Despite the arrest of Colombo's deputy, Arrigo Alemagna, on 18 January 1944, on the orders of Benito Mussolini, on 18 March of the same year the "Ettore Muti Action Squad" was enlarged and officially reorganized as "Ettore Muti Autonomous Mobile Legion", and Colombo was officially appointed questore by the Minister of the Interior Guido Buffarini Guidi, while simultaneously assuming the rank of colonel. In the same days, Colombo violently quarrelled with Vincenzo Costa, a follower of Resega, who had been appointed federale of Milan in place of Boattini.

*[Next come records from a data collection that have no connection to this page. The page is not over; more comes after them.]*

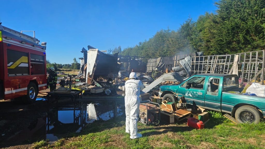 Detectives del Laboratorio de Criminalística de Carabineros (LABOCAR), por instrucción de la Fiscalía, se trasladaron hasta un predio ubicado en la ruta V-460, a la altura del Cruce La Paloma, en la comuna de Los Muermos, región de Los Lagos, para investigar un incendio que afectó a galpones destinados a labores de cosecha apícola.
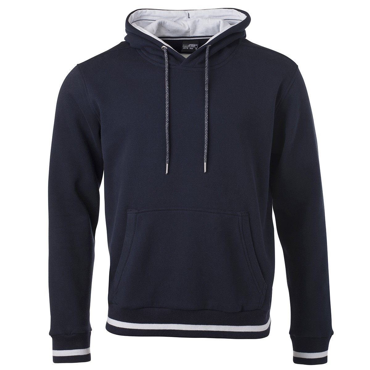 Felpa trendy con cappuccio. Tessuto esterno (300 g/m²): 80% cotone, 20% poliestere. Tessuto morbido e di alta qualità, internamente ruvido, polsini a maglia di elastan, strisce contrastanti nei polsini e in vita, cappuccio a due strati contrastanti, tasca canguro.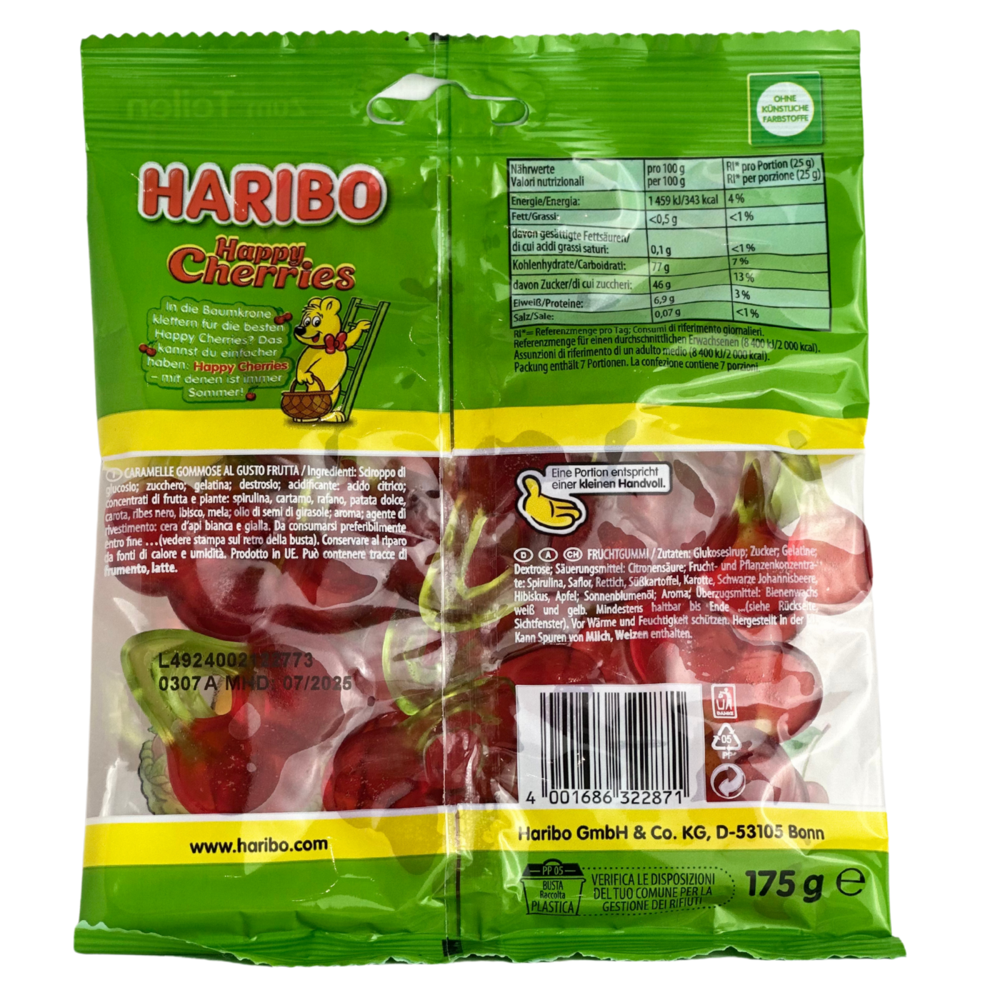 Желейні цукерки Haribo Happy Cherries - це моно-смаковий продукт, який пропонує насолоду насиченим та натуральним вишневим смаком у формі яскравих вишеньок. Вони мають м'яку, еластичну текстуру і не містять штучних барвників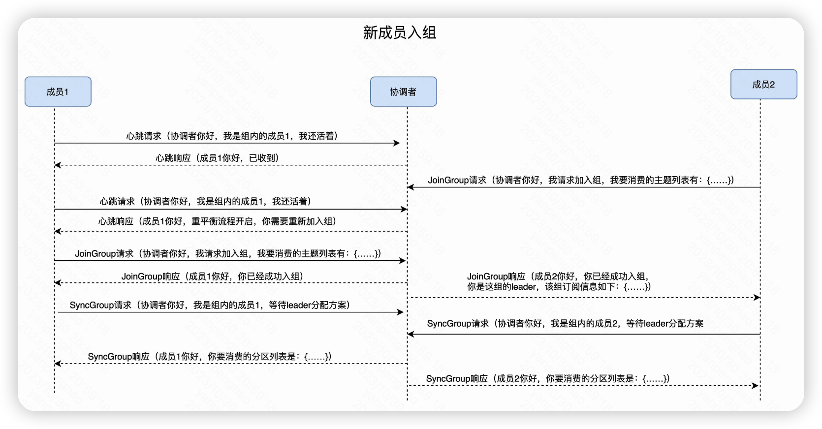 1. 稳定的组中有新消费者加入,协调者收到新的加入请求后,会在心跳反应中通知其余消费者开始rebalance

On 19 March 1944 Colombo was dispatched to Piedmont with part of his men (two battalions and one special company) to carry out anti-partisan operations in the Cuneo area; he returned to Milan on March 27, leaving the command of military operations to his deputy, Lieutenant Colonel Ampelio Spadoni. From late May 1944, some companies of the "Muti" were also deployed in the Vercelli area. On 7 June Colombo was slightly wounded during an ambush near Brossasco during an inspection round in the Cuneo area, and on 14 August, assuming direct command of the "Baragiotta-Salines" Special Company, he participated in a roundup in Varzi, in the province of Pavia. In the same days, "Muti" soldiers formed the firing squad that shot fifteen captured partisans in Piazzale Loreto in reprisal for the partisan bombing of a German truck, in which six civilians had been killed.

In the autumn of 1944 the situation in Milan was exacerbated by the arrival of Pietro Koch's "Special Department of Republican Police", better known as Banda Koch, previously based in Rome; a unit whose sinister reputation ever surpassed that of the "Muti". Minister Guido Buffarini Guidi tried to remove them from Milan, but his attempt failed due to Pietro Koch's refusal to leave the city. On 25 September 1944, therefore, a company of the Muti Legion under the command of Major Luciano Folli, on the orders of the Milan police chief and following the direct intervention of Mussolini, arrested the members of the Banda Koch and imprisoned them in San Vittore. After this Koch, who had temporarily escaped arrest, accused Colombo of being "a puppet in the hands of [Enrico] Varenna", an industrialist and financial backer of Roberto Farinacci as well as a close friend of Raffaello Riccardi, former Minister of Finance, and of Piero Parini, prefect of Milan.

In the final days of the Italian Social Republic, Colombo suggested to Mussolini to retreat to the Valtellina Redoubt rather than towards Germany. After waiting in vain for the units coming from Piedmont, Colombo left Milan for Como on 26 April 1945, with two hundreds of his men, reuniting with Alessandro Pavolini. Having lost contact with Mussolini, who in the meantime had left for Menaggio, Colombo's column made a deal with the National Liberation Committee to obtain free transit, but on the morning of April 27 the partisans blocked the road near Cernobbio, demanding its surrender. The "Muti" was therefore dissolved by Colombo, who then joined former PFR deputy secretary Pino Romualdi and Vanni Teodorani, former head of Mussolini's military secretariat, in an attempt to reach Mussolini in Menaggio and convince him to surrender himself to the Allies. The trio was accompanied by Giovanni Dessy, a former naval officer now working as a secret agent for the Allies, carrying a safe conduct; in Cadenabbia, however, their car ran into a partisan checkpoint, where Colombo was recognized. Although Dessy showed the partisans his mission orders, all occupants of the car were arrested and taken to San Fedele Intelvi; here Dessy managed to have Romualdi released, as he had not been recognized, but Colombo was detained for two days and then taken to Lenno, where he was executed by firing squad on 28 April 1945. He was buried in the Cimitero Maggiore of Milan.